_Your instructions_
Output the lines of the records exactly, from the first through the one containing "Ფართო სამზარეულო აღჭურვილია". Omit all pictures.

_Supplied material_
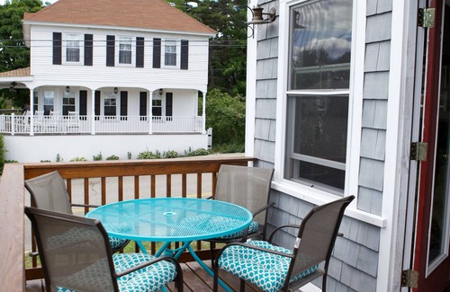 This cottage boasts a private deck that opens up off the living room overlooks the front yard and garden with a peek at the ocean and plenty of sunlight.
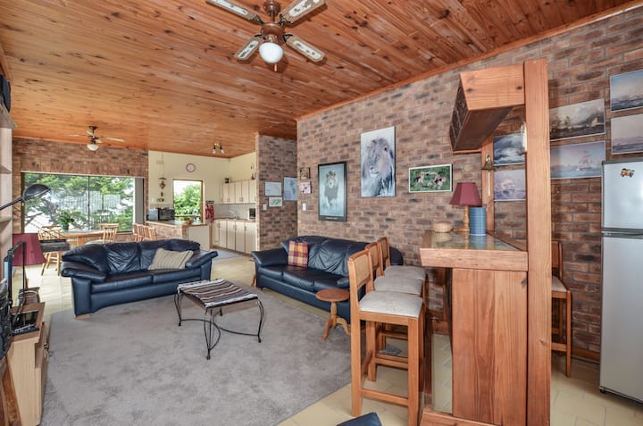 Ფართო სამზარეულო აღჭურვილია თვითმომსახურებისთვის 2 თეფშიანი ღუმელით, 2 მაცივრის საყინულით, კონვექციური მიკროტალღური ღუმელით, დანა-ჩანგლითა და საკარმიდამო ნაკეთობებით. Სასადილო სივრცეში 6 სტუმარია, ტელევიზორის ოთახში კი არის კომფორტული დივანი და ბრტყელეკრანიანი ტელევიზორი DStv ‑ ით. Აქ არის შიდა ბრაი ბარით, ასევე შესანიშნავი მყუდრო სივრცე, რომელიც ნაწილობრივ დაფარულია ბრაიით და ზღვის ხედით.
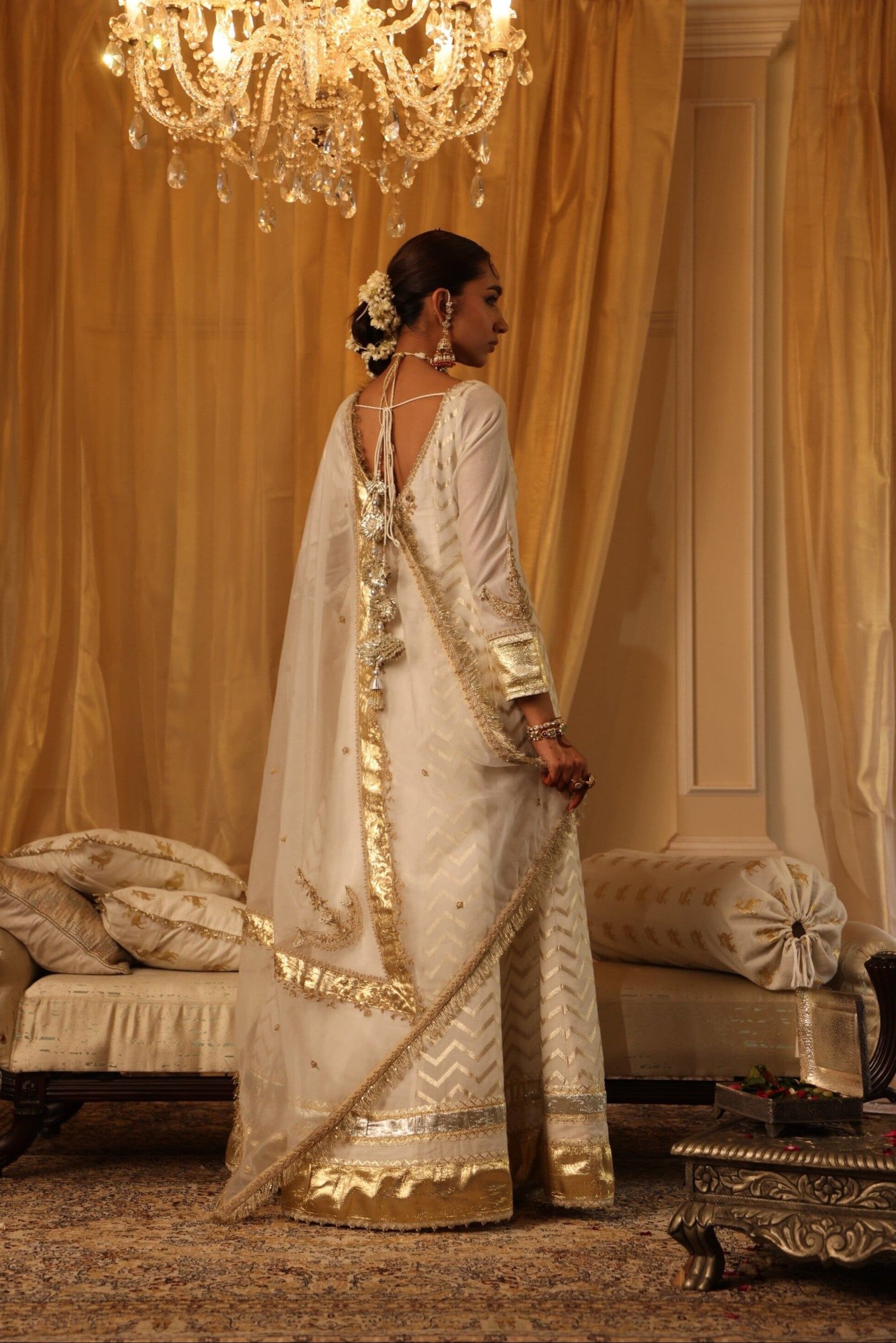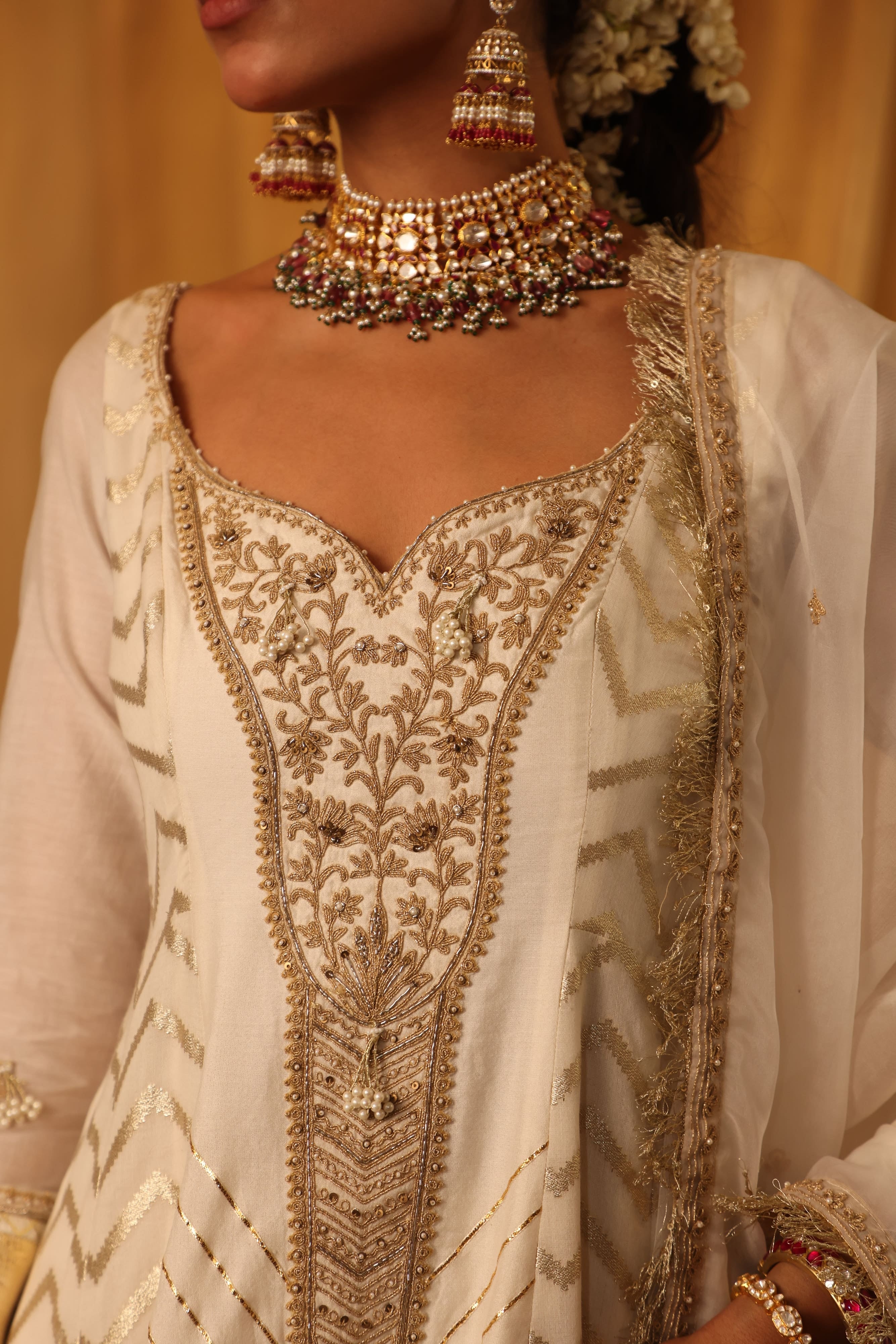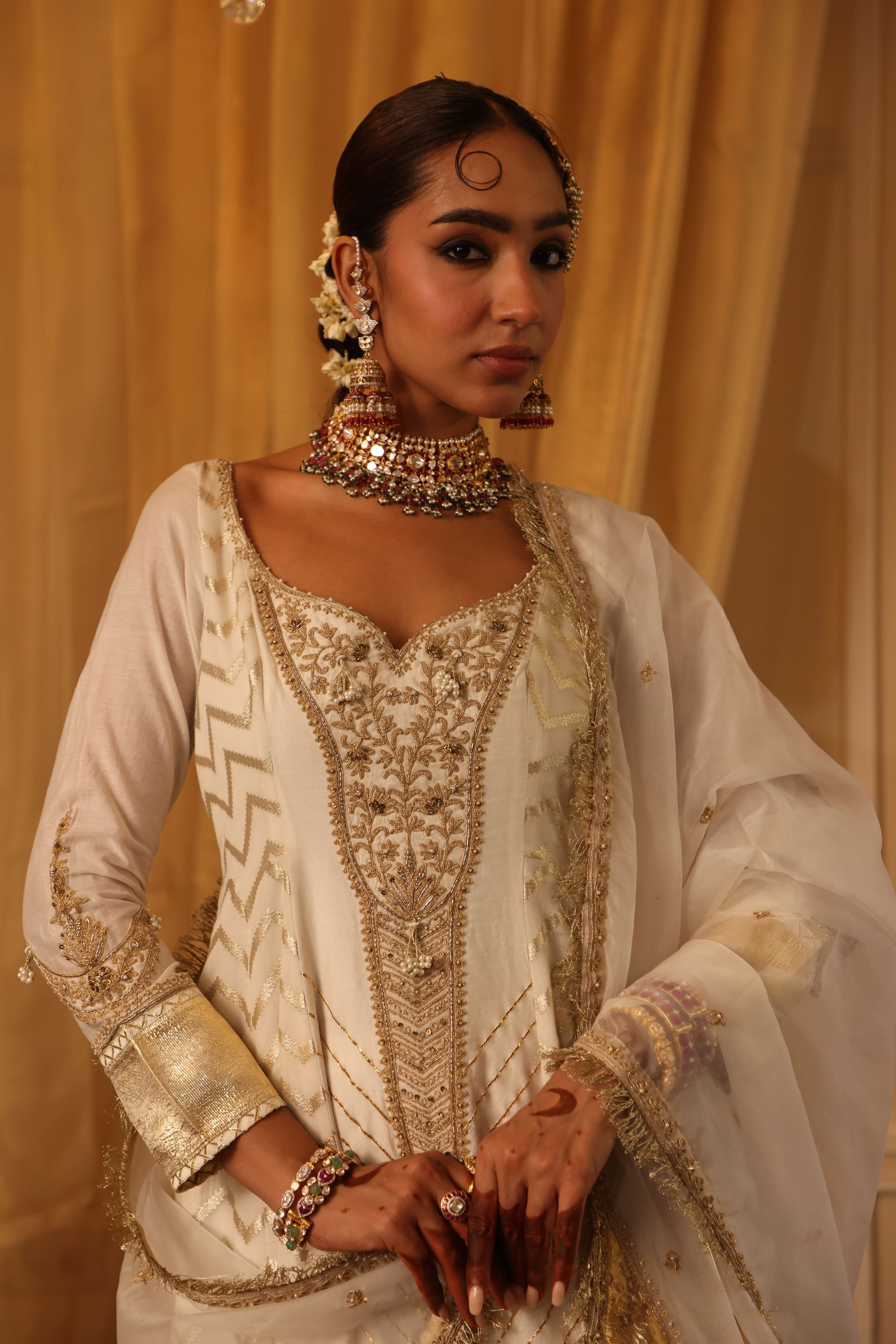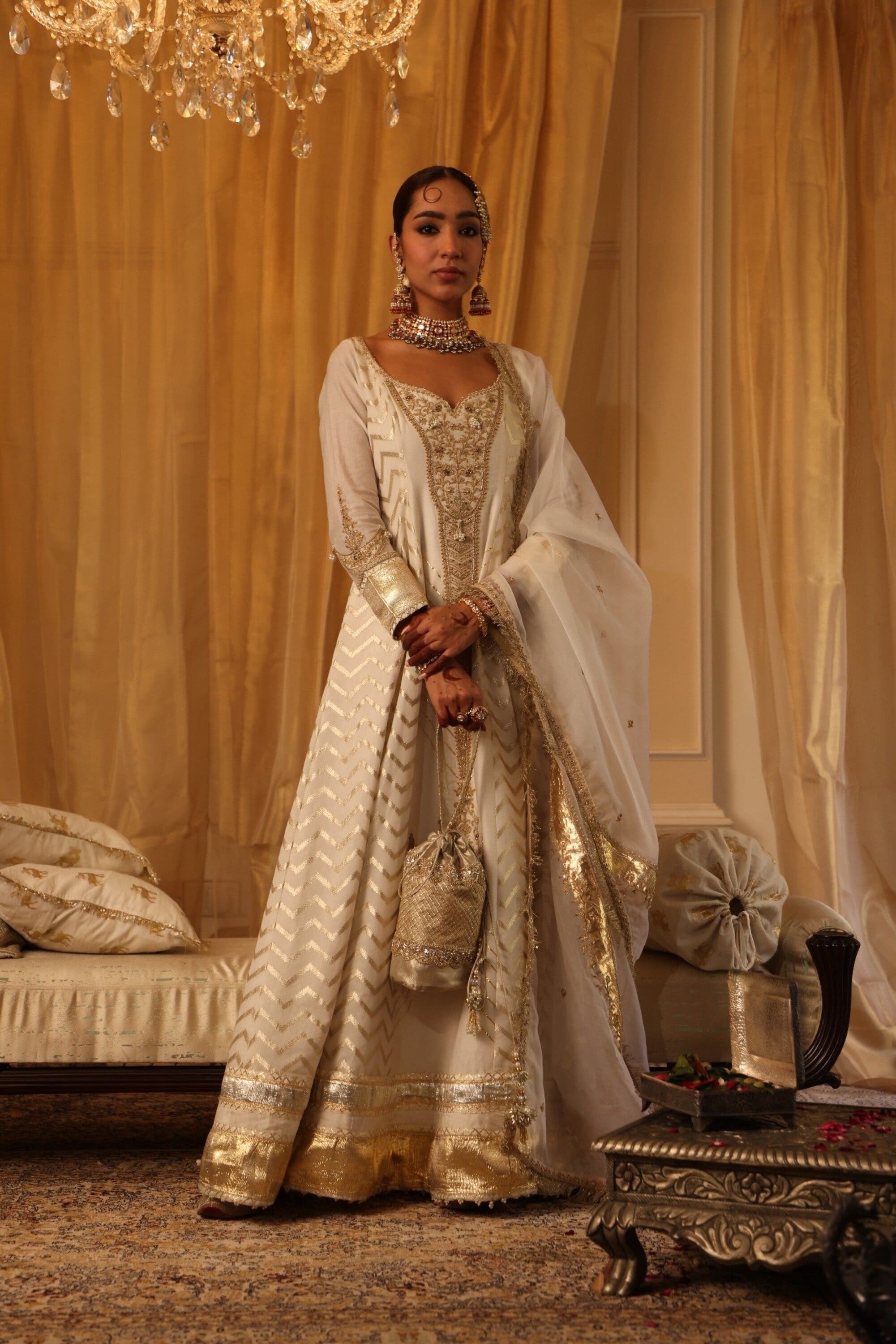 This Ivory Chanderi Silk Anarkali Set is adorned with celestial moon and lotus motifs, intricate dori and zari embroidery, and shimmering gota texturing. The silver and gold lampi borders on the sleeves and hem add a regal touch, while the sheer organza dupatta completes the look with lampi borders and dori embroidery. A perfect blend of ethereal sophistication and heritage craftsmanship. Fabric: Chanderi Silk, Organza |
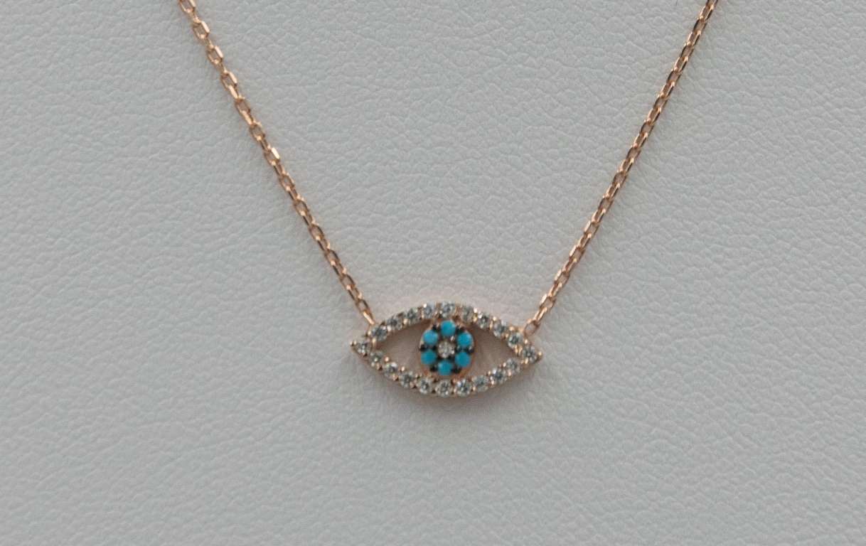 Chain necklace with integrated zircon eye element.
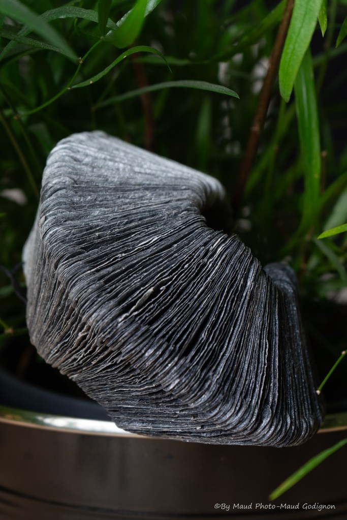 Je joue avec le papier, le découpant et le collant pour créer des volumes et des formes. ma source d’inspiration est la nature et ses créations infinies, ses couleurs infinies, ses textures surprenantes. Le papier est contradictoire, provocateur et humble car éphémère. son utilisation comme matériau trouve ses racines dans la philosophie de l’arte povera, qui redonne de la valeur à l’idée, à l’intuition, à la pensée et à l’individu. lorsque je crée mes œuvres, je recherche inconsciemment le contact primaire, l’émerveillement constant de l’enfance, la vision magique qui transforme le prosaïque et le quotidien en quelque chose de nouveau et de merveilleux. mon processus est intuitif, par mes mains j’entre en contact avec la matière, qui me guide vers la forme finale.
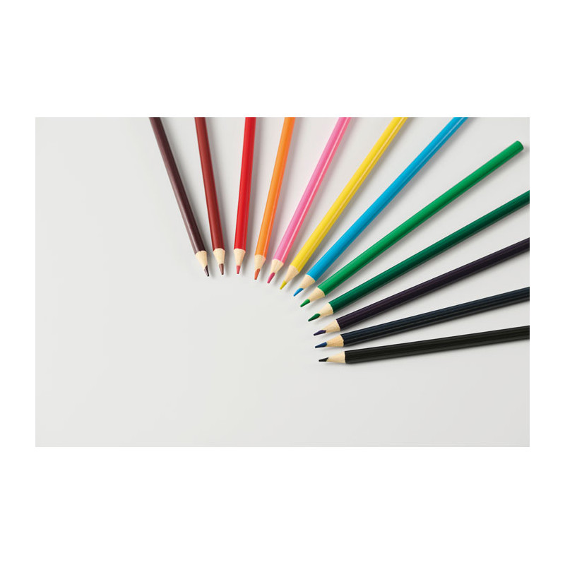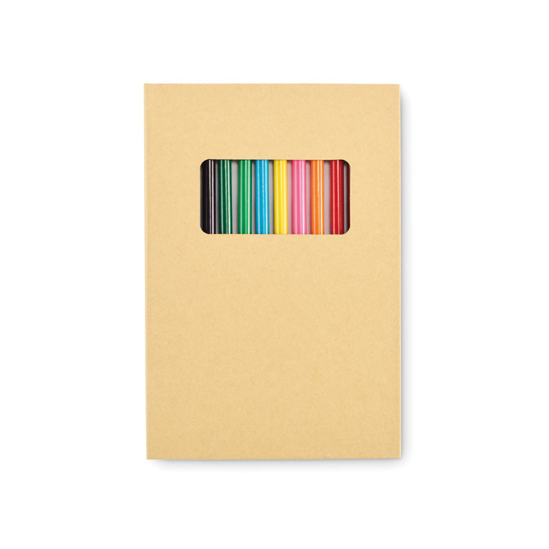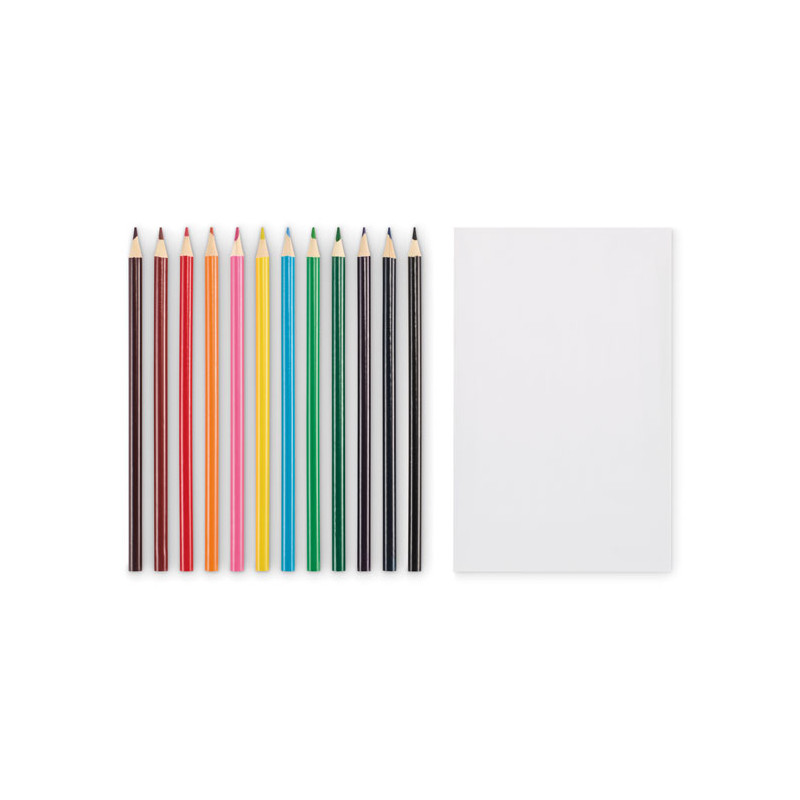 Conjunto de desenho para crianças com 50 folhas de papel reciclado e 12 lápis de cor de madeira. Com capa em papel kraft.

_Your solution_
 This cottage boasts a private deck that opens up off the living room overlooks the front yard and garden with a peek at the ocean and plenty of sunlight.
 Ფართო სამზარეულო აღჭურვილია თვითმომსახურებისთვის 2 თეფშიანი ღუმელით, 2 მაცივრის საყინულით, კონვექციური მიკროტალღური ღუმელით, დანა-ჩანგლითა და საკარმიდამო ნაკეთობებით. Სასადილო სივრცეში 6 სტუმარია, ტელევიზორის ოთახში კი არის კომფორტული დივანი და ბრტყელეკრანიანი ტელევიზორი DStv ‑ ით. Აქ არის შიდა ბრაი ბარით, ასევე შესანიშნავი მყუდრო სივრცე, რომელიც ნაწილობრივ დაფარულია ბრაიით და ზღვის ხედით.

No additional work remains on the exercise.